This is part 34 of a series of articles featuring the book Beyond Connecting the Dots, Modeling for Meaningful Results.

“All models are wrong, but some are useful” – George E.P. Box

A model is a tool designed to reflect reality. A model is never a perfect mirror of reality, but often models can still be useful even with their imperfections. In this chapter, we will take a journey to explore different types of models and the distinctions commonly used to classify and understand them. We will consider several approaches to modeling that are quite different from the ones we have introduced throughout this book. These will help you understand the richer ecosystem of modeling tools and techniques and how the ones we have learned fit within this ecosystem.

The ultimate destination of this journey will be a clear understanding of the fundamental principles and approaches used to construct models. We will make many detours before arriving at this destination. In the end we will be able to divide models into two overarching categories based on their purposes and the techniques used to construct them. By mastering this divide, and how the work we and others do fits into it, we will obtain a rich perspective and understanding of the relationship between models and truth. We will also have a renewed appreciation for the strength and power of the techniques introduced in this book for tackling a wide swath of modeling problems.
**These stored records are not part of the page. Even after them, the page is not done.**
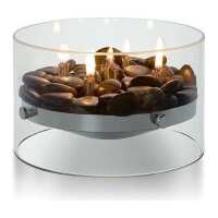 Tischkamin mit mundgeblasenem Glasring, Kieselsteinen & Lampenölbetrieb – Fire | Philippi
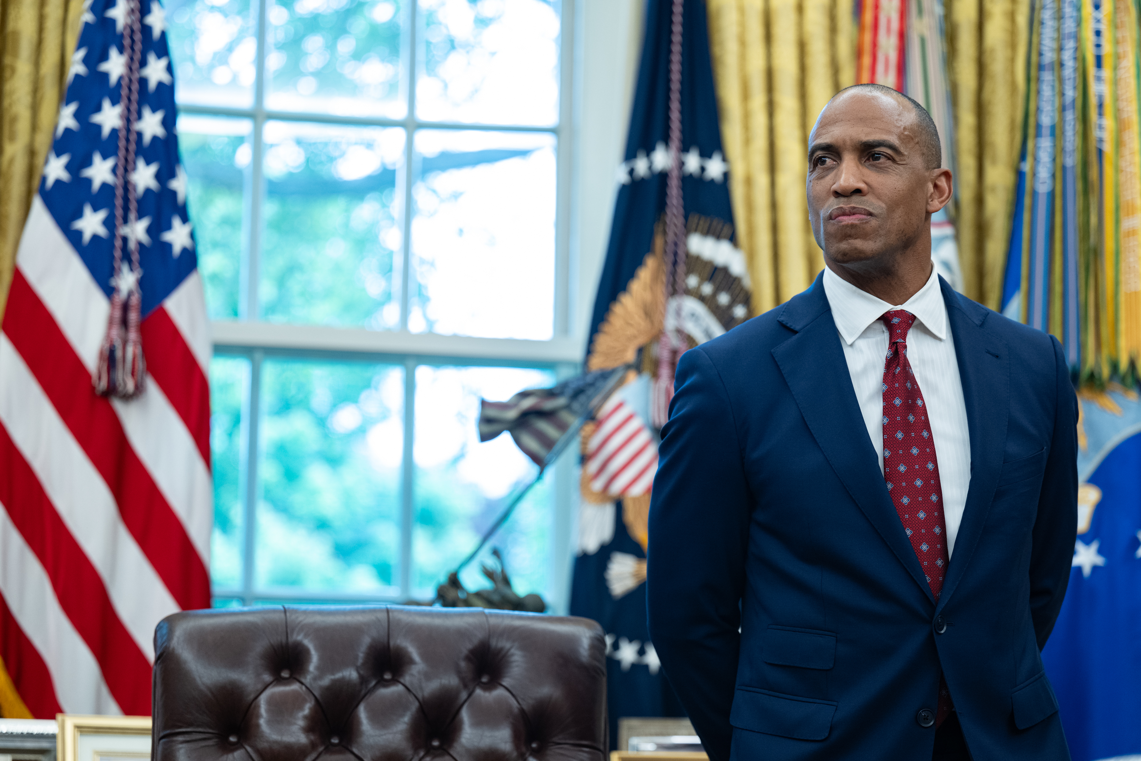 Secretary of Housing and Urban Development Scott Turner in the Oval Office on May 5.
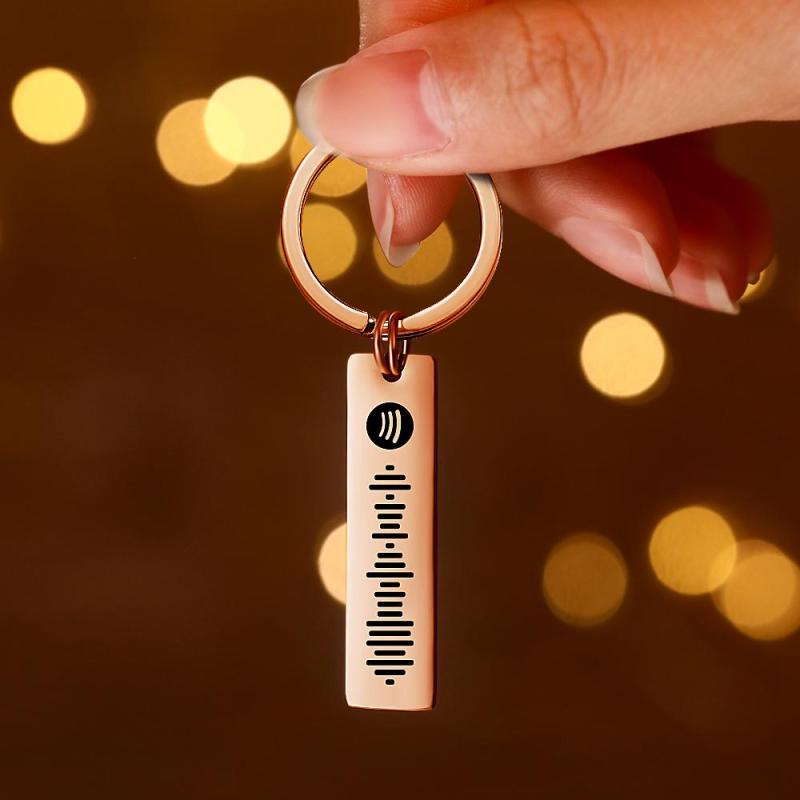 Benutzerdefinierte Scannbare Spotify Code Musik Schlüsselbund Gravierte Song Schlüsselring Roségold
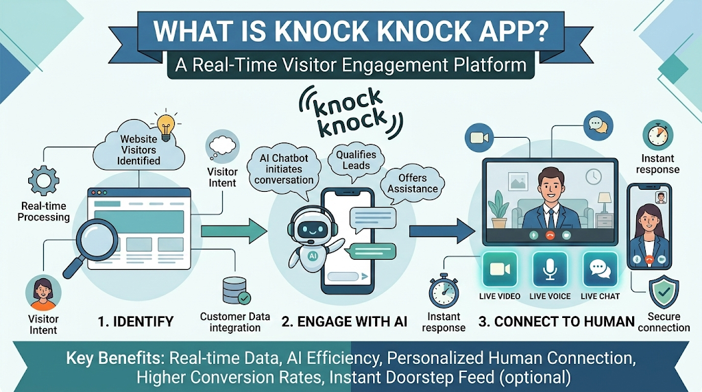 Knock Knock App is a real-time visitor engagement platform. It identifies website visitors, engages them with AI, and connects them to humans via live video, voice, or chat.
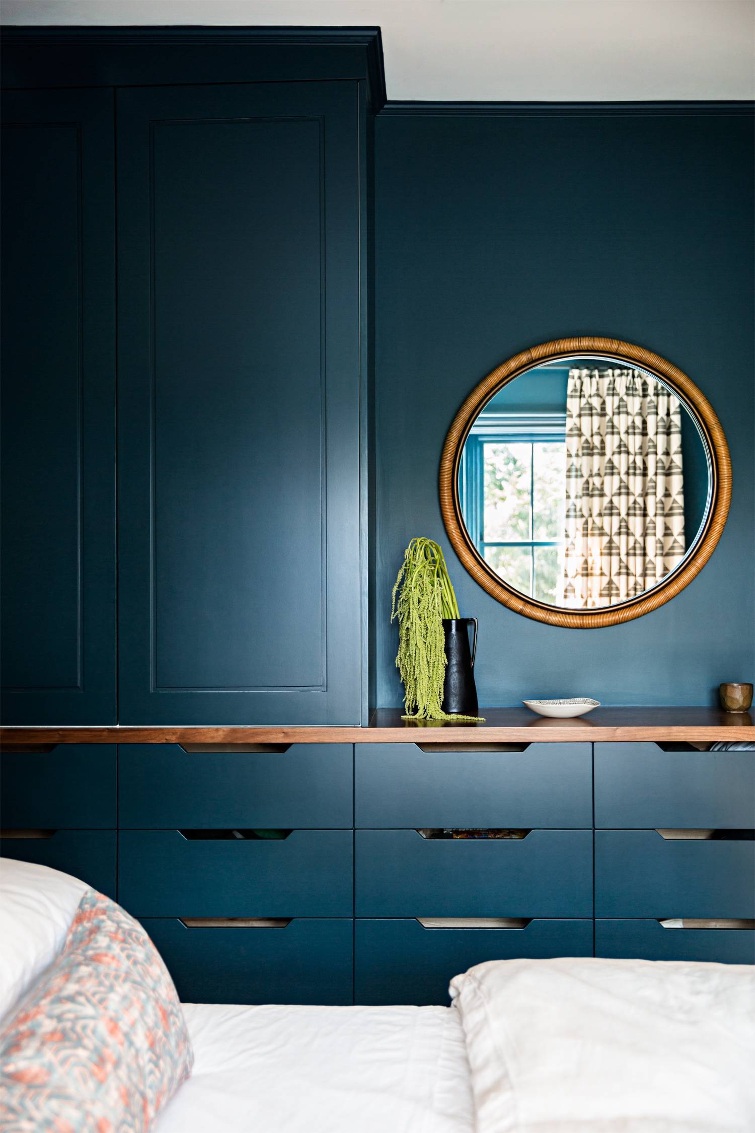 Если есть место для гардеробной, это идеально. Кстати, благодаря грамотному зонированию его вполне можно найти — выстроить дополнительную перегородку из гипсокартона и организовать там системы хранения. Возможности зависят от изначальной планировки квартиры и площади.
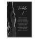 The left-hand edge of this elegant modern wedding table number card features a black watercolor agate border trimmed with faux silver glitter. The word "table" appears in silver grey handwriting script on an off-black background. Add the names of your guests who are assigned to each table.
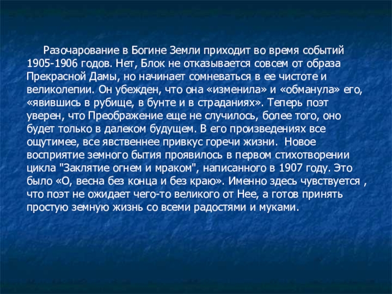1905-1906 годов. Нет, Блок не отказывается совсем от образа Прекрасной Дамы, но начинает сомневаться в ее чистоте и великолепии. Он убежден, что она «изменила» и «обманула» его, «явившись в рубище, в бунте и в страданиях». Теперь поэт уверен, что Преображение еще не случилось, более того, оно будет только в далеком будущем. В его произведениях все ощутимее, все явственнее привкус горечи жизни. Новое восприятие земного бытия проявилось в первом стихотворении цикла "Заклятие огнем и мраком", написанного в 1907 году. Это было «О, весна без конца и без краю». Именно здесь чувствуется , что поэт не ожидает чего-то великого от Нее, а готов принять простую земную жизнь со всеми радостями и муками.
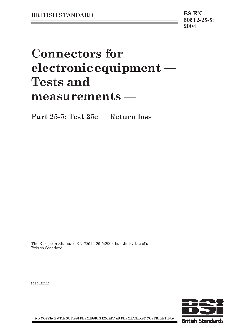 Connectors for electronic equipment. Tests and measurements Test 25e. Return loss
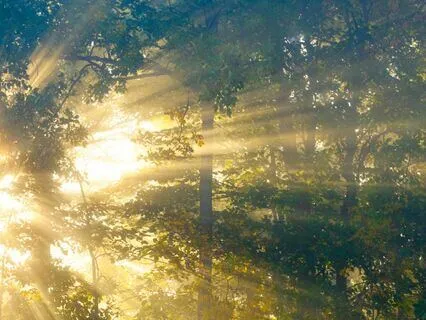 Die Morgensonne wird Schritt für Schritt stärker und stärker und wirft sanfte Strahlen durch die Baumkronen,
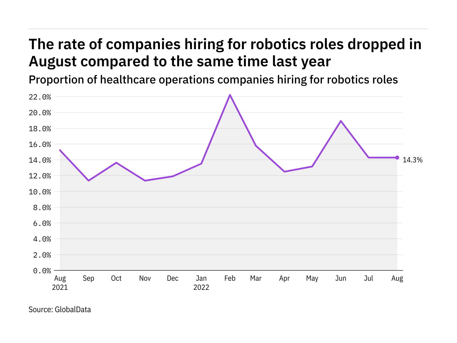 The proportion of healthcare operations companies hiring for robotics related positions kept relatively steady in August 2022 compared with the equivalent month last year, with 14.3% of the companies included in our analysis recruiting for at least one such position.
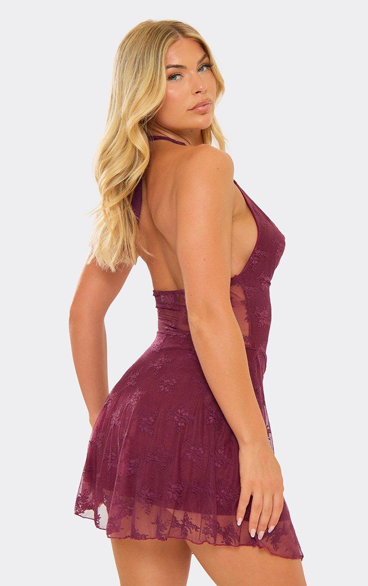 Rich burgundy red lace takes centre stage in this cowl neck skater dress, bringing a chic blend of romance and elegance with its effortlessly glam silhouette.
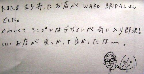 たまたま立ち寄ったお店が WAKO BRIDALさんでした。かわいくてシンプルなデザインが気に入り即決!いいお店が見つかって良かったな~。 ※イラスト付き (*^_^*)(*^_^*)
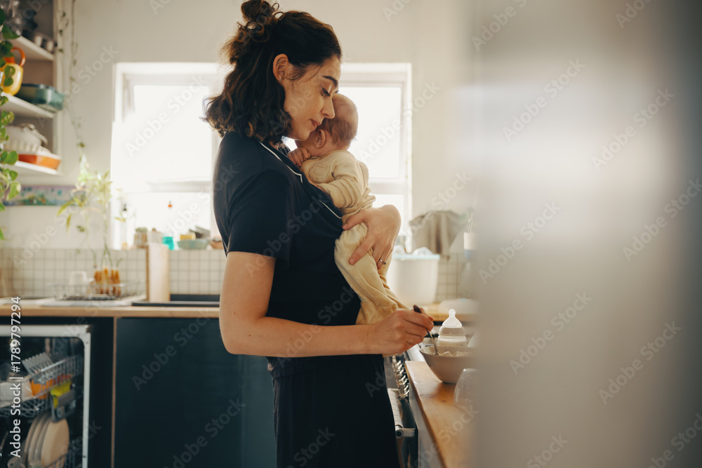 • #1777340329 Two businesswomen discussing plans in a modern office setting
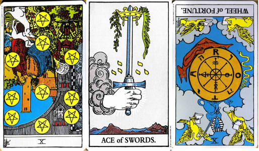 【ペンタクルの10】*逆と【ソードの1】と【運命の輪】*逆
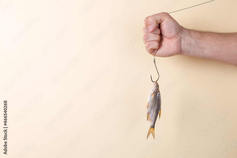 A man's hand holds the fish on a hook, on a yellow background. Concept, template.
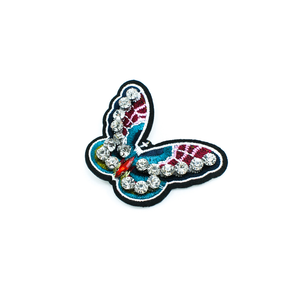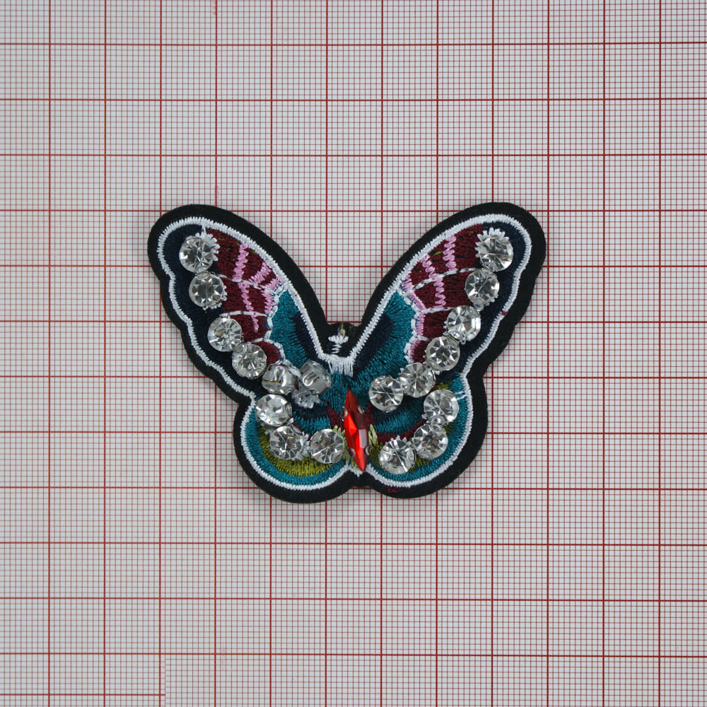 Аппликация клеевая вышитая Бабочка со стразами 8*7см черный, зеленый, голубой, розовый, бордовый, белый и белые камни, шт

Before we get there, however, let’s introduce some of the terminology commonly used to describe models. We’ll begin by taking a step back to discuss different kinds of models. Modeling is a wide-ranging field with many distinctions made by modelers and mathematicians. Three of these distinctions are presented below:

Deterministic versus Stochastic Models

There are two polar opposite views of the world. The Deterministic view says the fate of the universe is governed by strictly predictable laws of physics. In this view, the universe acts as if it were a giant machine; if its current state is known (down to each individual atomic particle), its future states through the rest of time are predetermined. The opposite (Stochastic) view is that the universe is ruled by chance and randomness. Random quantum mechanical fluctuations merge and amplify leading to an infinite range of diverging possibilities.

Which of these two views holds more of the truth? We certainly do not know and it is possible that this will be a question that physicists will never cease exploring. Albert Einstein had a viewpoint of special interest, however. He was a strong partisan of the more deterministic view, famously remarking, “God does not play dice with the world”

When creating a model of a system, we must choose how we treat chance. Do we build our model deterministically, such that each time we run it we obtain the same results? Or do we instead incorporate elements of uncertainty so that each time the model is run we may see a different trajectory of outcomes?

Mechanistic versus Statistical Models¹

When beginning to build a model of a system, there are many questions you should ask, two of which are:

Do I know (or have a hypothesis of) the mechanisms that drive the system?
Do I have data that describe the observed behavior of the system?

If the first question is answered in the affirmative, you can build a mechanistic model that replicates your understanding (or hypothesis of) the true mechanisms in the system. If, on the other hand, the second question is answered in the affirmative, you can use statistical algorithms such as regressions to create a model of the system based purely on the data.

If neither question is answered affirmatively…well, in that case there isn’t much of anything you can build.

Exercise 4-1
A credit card company has hired you to build a model to predict defaults of new applicants. They give you a data set containing information on one million of their previous customers along with whether or not those customers ultimately defaulted. Would it be better to build a mechanistic or statistical model for this data? Answer available >

Exercise 4-1

A credit card company has hired you to build a model to predict defaults of new applicants. They give you a data set containing information on one million of their previous customers along with whether or not those customers ultimately defaulted.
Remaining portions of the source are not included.